DATA
*-*-*

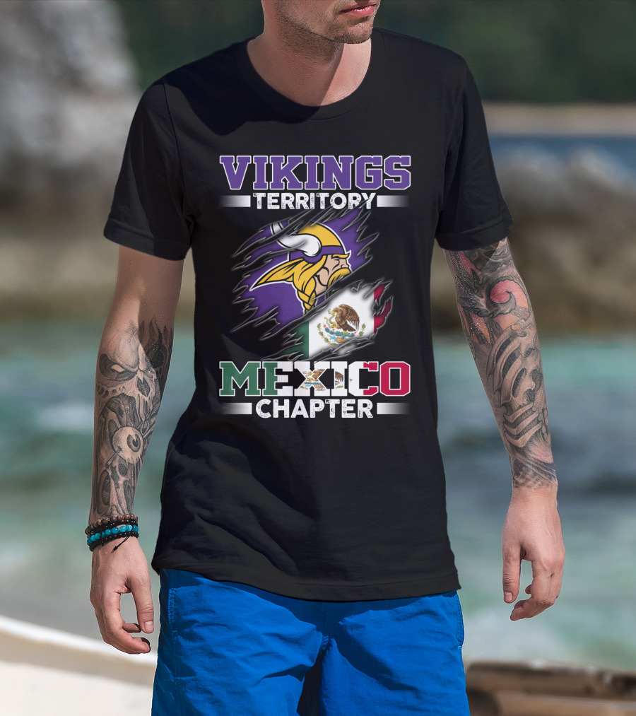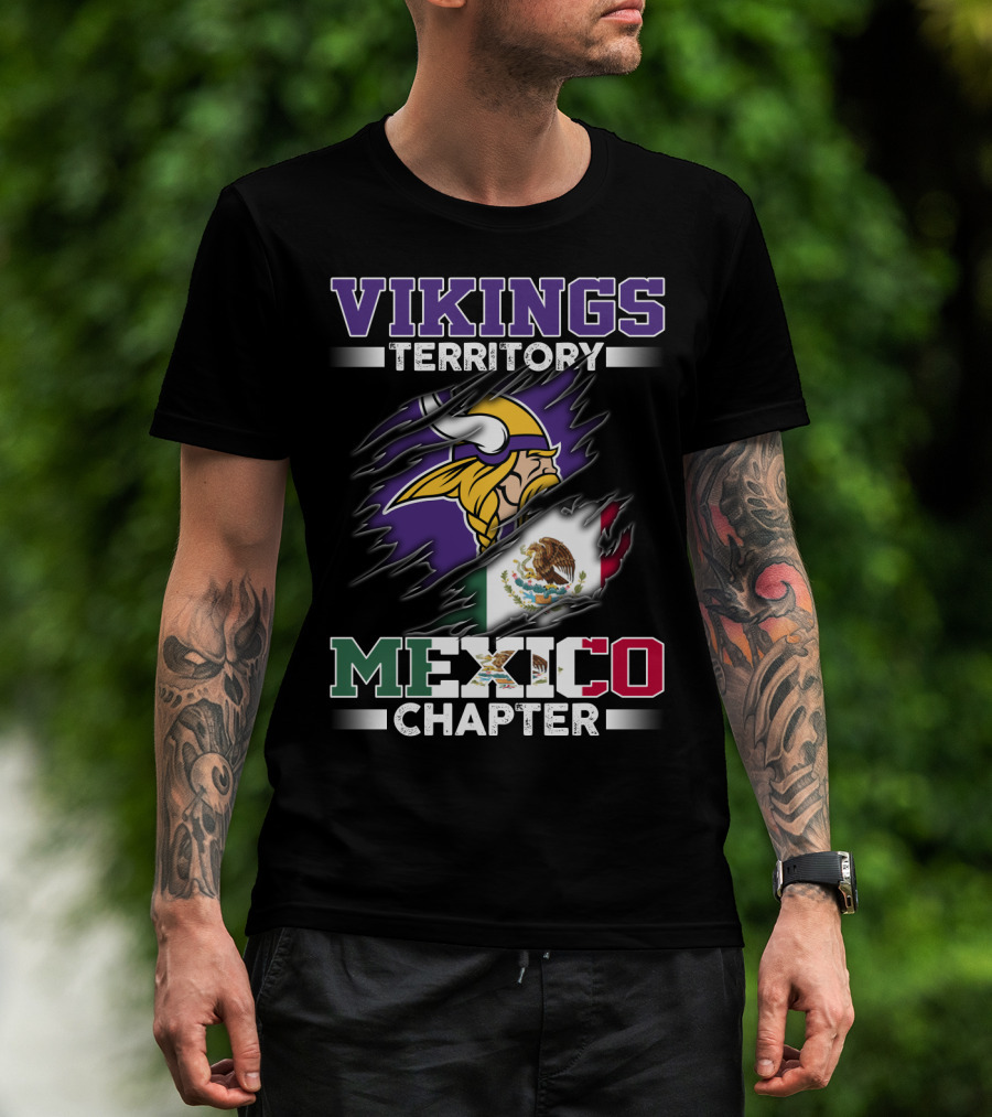 The Vikings Territory Mexico Chapter T-shirt is designed for everyday wear and a consistent fit. Fabric is pre-shrunk ring-spun cotton with durable stitching. See the size chart below for exact measurements.
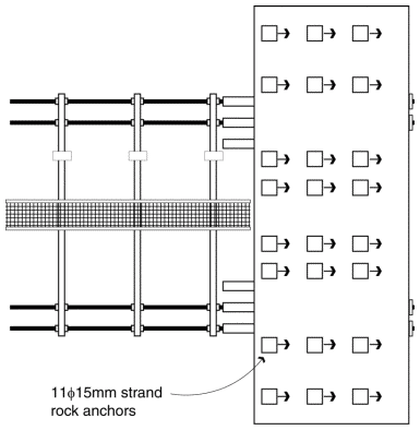 The abutments and rock anchors were designed to maintain a state of nominal compression in the rock under all service conditions. Changes in bridge cable forces under expected service loads were found to introduce large shears where the abutment bears on the rock. Therefore shear keys were provided in the rock, allowing the rock anchors to remain under a fairly constant stress.
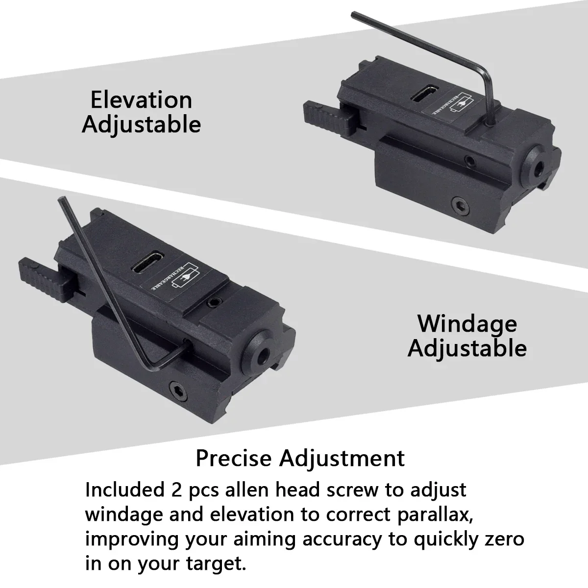 Interruptor de nivel de encendido/apagado en la parte posterior de la miraWindage y elevación ajustables con herramienta hexagonal suministradaFácil de conectar, liviano, instálelo en solo segundos. A prueba de golpesEvite la exposición directa a los ojos.

*-*-*

WHAT TO PRODUCE
All pictures should be dropped; the lines from the one containing "The abutments and" through the last line of the material are to be set down exactly.

SOLUTION TO THIS PROBLEM
 The abutments and rock anchors were designed to maintain a state of nominal compression in the rock under all service conditions. Changes in bridge cable forces under expected service loads were found to introduce large shears where the abutment bears on the rock. Therefore shear keys were provided in the rock, allowing the rock anchors to remain under a fairly constant stress.
 Interruptor de nivel de encendido/apagado en la parte posterior de la miraWindage y elevación ajustables con herramienta hexagonal suministradaFácil de conectar, liviano, instálelo en solo segundos. A prueba de golpesEvite la exposición directa a los ojos.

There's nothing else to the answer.